HTML attributes of Table, Cell, and Tag objects are accessible via get_attr, set_attr, has_attr, and del_atrr methods.

Lists

The lists method provides access to lists within the wikitext.

>>> parsed = wtp.parse(
...     'text\n'
...     '* list item a\n'
...     '* list item b\n'
...     '** sub-list of b\n'
...     '* list item c\n'
...     '** sub-list of b\n'
...     'text'
... )
>>> wikilist = parsed.lists()[0]
>>> wikilist.items
[' list item a', ' list item b', ' list item c']

The sublists method can be used to get all sub-lists of the current list or just sub-lists of specific items:

>>> wikilist.sublists()
[WikiList('** sub-list of b\n'), WikiList('** sub-list of b\n')]
>>> wikilist.sublists(1)[0].items
[' sub-list of b']

It also has an optional pattern argument that works similar to lists, except that the current list pattern will be automatically added to it as a prefix:

>>> wikilist = wtp.WikiList('#a\n#b\n##ba\n#*bb\n#:bc\n#c', '\#')
>>> wikilist.sublists()
[WikiList('##ba\n'), WikiList('#*bb\n'), WikiList('#:bc\n')]
>>> wikilist.sublists(pattern='\*')
[WikiList('#*bb\n')]

Convert one type of list to another using the convert method. Specifying the starting pattern of the desired lists can facilitate finding them and improves the performance:

>>> wl = wtp.WikiList(
...     ':*A1\n:*#B1\n:*#B2\n:*:continuing A1\n:*A2',
...     pattern=':\*'
... )
>>> print(wl)
:*A1
:*#B1
:*#B2
:*:continuing A1
:*A2
>>> wl.convert('#')
>>> print(wl)
#A1
##B1
##B2
#:continuing A1
#A2

Miscellaneous

parent and ancestors methods can be used to access a node’s parent or ancestors respectively:

>>> template_d = parse("{{a|{{b|{{c|{{d}}}}}}}}").templates[3]
>>> template_d.ancestors()
[Template('{{c|{{d}}}}'),
 Template('{{b|{{c|{{d}}}}}}'),
 Template('{{a|{{b|{{c|{{d}}}}}}}}')]
>>> template_d.parent()
Template('{{c|{{d}}}}')
>>> _.parent()
Template('{{b|{{c|{{d}}}}}}')
>>> _.parent()
Template('{{a|{{b|{{c|{{d}}}}}}}}')
>>> _.parent()  # Returns None

Use the optional type_ argument if looking for ancestors of a specific type:

>>> parsed = parse('{{a|{{#if:{{b{{c<!---->}}}}}}}}')
>>> comment = parsed.comments[0]
>>> comment.ancestors(type_='ParserFunction')
[ParserFunction('{{#if:{{b{{c<!---->}}}}}}')]

Compared with mwparserfromhell

mwparserfromhell is a mature and widely used library with nearly the same purposes as wikitextparser.
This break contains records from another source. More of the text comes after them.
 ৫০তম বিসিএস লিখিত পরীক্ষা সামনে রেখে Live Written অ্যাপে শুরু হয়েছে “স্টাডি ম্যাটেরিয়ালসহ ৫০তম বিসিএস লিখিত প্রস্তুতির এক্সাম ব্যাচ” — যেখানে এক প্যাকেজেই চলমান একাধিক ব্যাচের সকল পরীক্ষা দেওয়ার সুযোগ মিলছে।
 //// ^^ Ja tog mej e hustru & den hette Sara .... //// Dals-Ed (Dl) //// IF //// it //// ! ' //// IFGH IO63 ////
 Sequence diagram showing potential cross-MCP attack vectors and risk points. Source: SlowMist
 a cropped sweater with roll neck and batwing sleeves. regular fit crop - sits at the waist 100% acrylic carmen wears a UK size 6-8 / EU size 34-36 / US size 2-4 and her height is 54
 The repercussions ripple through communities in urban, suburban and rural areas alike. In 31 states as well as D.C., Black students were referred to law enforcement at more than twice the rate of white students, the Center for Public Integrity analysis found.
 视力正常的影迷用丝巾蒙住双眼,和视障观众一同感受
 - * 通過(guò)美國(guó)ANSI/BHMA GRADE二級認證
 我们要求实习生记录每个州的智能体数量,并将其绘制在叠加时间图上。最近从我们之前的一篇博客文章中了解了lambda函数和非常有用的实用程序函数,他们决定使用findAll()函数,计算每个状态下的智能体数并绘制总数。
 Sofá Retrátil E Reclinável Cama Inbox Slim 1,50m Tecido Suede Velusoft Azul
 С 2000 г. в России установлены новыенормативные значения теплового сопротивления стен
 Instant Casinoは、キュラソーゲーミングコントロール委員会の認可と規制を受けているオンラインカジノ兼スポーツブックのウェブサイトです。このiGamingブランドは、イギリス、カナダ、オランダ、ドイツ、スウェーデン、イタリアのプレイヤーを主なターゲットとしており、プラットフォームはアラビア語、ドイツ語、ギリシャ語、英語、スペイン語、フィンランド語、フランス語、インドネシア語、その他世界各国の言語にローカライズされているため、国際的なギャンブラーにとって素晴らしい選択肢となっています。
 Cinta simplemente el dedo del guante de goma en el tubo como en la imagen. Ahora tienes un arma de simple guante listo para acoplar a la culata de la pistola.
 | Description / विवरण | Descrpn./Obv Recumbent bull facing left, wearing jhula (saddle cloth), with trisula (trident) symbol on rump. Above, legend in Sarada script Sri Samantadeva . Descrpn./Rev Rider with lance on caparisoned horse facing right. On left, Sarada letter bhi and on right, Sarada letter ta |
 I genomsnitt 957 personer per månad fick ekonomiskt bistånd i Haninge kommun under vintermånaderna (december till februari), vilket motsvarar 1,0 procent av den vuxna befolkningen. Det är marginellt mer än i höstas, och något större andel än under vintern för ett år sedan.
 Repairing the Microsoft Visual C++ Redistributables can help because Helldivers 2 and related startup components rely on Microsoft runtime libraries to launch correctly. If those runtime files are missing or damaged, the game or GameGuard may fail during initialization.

The main reason leading me to create wikitextparser was that mwparserfromhell could not parse wikitext in certain situations that I needed it for. See mwparserfromhell’s issues 40, 42, 88, and other related issues. In many of those situation wikitextparser may be able to give you more acceptable results.

But if you need to

use Python 2
parse style tags like ‘’’bold’’’ and ‘’italics’’ (with some limitations of-course)
extract HTML entities

then mwparserfromhell or maybe other libraries will be the way to go. Also note that wikitextparser is still under heavy development and the API may change drastically in the future versions.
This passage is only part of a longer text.